Entstehende Ablagerungen wie Pflanzenreste und Schlamm können mittels Zugschieber, jederzeit einfach abgelassen werden.
Eine Komplettreinigung sollte somit entfallen.
Auf der gegenüberliegenden Seite des Filterteiches, habe ich eine Art Pumpenschacht mit Drainagerohr plaziert, welches im oberen Bereich des Filterteiches in einer Lavaschüttung verschwindet.
Der Teich läuft jetzt seit ca. 6-8 Wochen und ich habe Kristallklares Wasser mit 1,70m Sicht im Hauptteich.
Gruß
TJ


----------



## Teichforum.info (8. Juli 2003)

Hallo Teichguide,

das hört sich sehr interessant an, aber ich fürchte, meine Vorstellungskraft läßt mich da doch im Stich. 
Das mit der bodenlosen Regentonne kann ich ja gedanklich noch nachvollziehen aber da hört´s leider auch schon auf. Bedenke bitte, ich bin weiblich und blond.

Nee, mal im Ernst. Ich werde heute noch ein Foto meines im Bau befindlichen Filterteiches ins Album setzten, vielleicht können wir uns dann nochmal unterhalten. 

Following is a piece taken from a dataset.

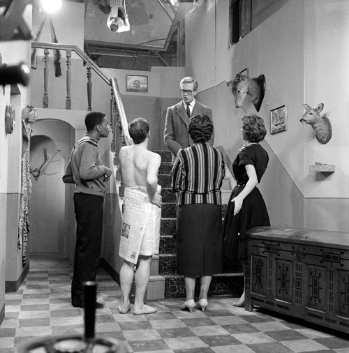 Op de set van Pension Hommeles (VARA, 1957). Archief Beeld en Geluid, catalogusnummer 57233, fotonummer 18

Ich hatte noch die Überlegung, das Wasser erst durch eine Art Schacht laufen zu lassen, den ich mit Filtermedien fülle und durch Filtermatten vom eigentlichen Pflanzenfilter trenne, sodas die Verschlammung größtenteils nur im Schacht entsteht.
Kann das jemand nachvollziehen ?

Gruß Jackie


----------



## Teichforum.info (8. Juli 2003)

*Re: Pflanzenfilter*



			
				Teichguide schrieb:
			
		

> Die Tips mit Kies im Filter vergiß einfach, da Kies bekanntlich der "Langzeitdünger" für Algen ist !!
> Weiterhin sollten die Pflanzen im Pflanzenfilter überschüssige Nährstoffe vernichten. Wer Sie in einen Pflanzkorb setzt, kann Sie auch gleich im Laden stehen lassen, da wirkungslos.



Hallo Teichguide,

Du kannst sicherlich erklären, warum (Quarz-)Kies "bekanntlich" (wo, bei wem bekannt ?) "Langzeitdünger" für Pflanzen ist, oder ? Naturagart vergleicht übrigens Kies vom Nährwert für die Pflanzen mit Glaskugeln.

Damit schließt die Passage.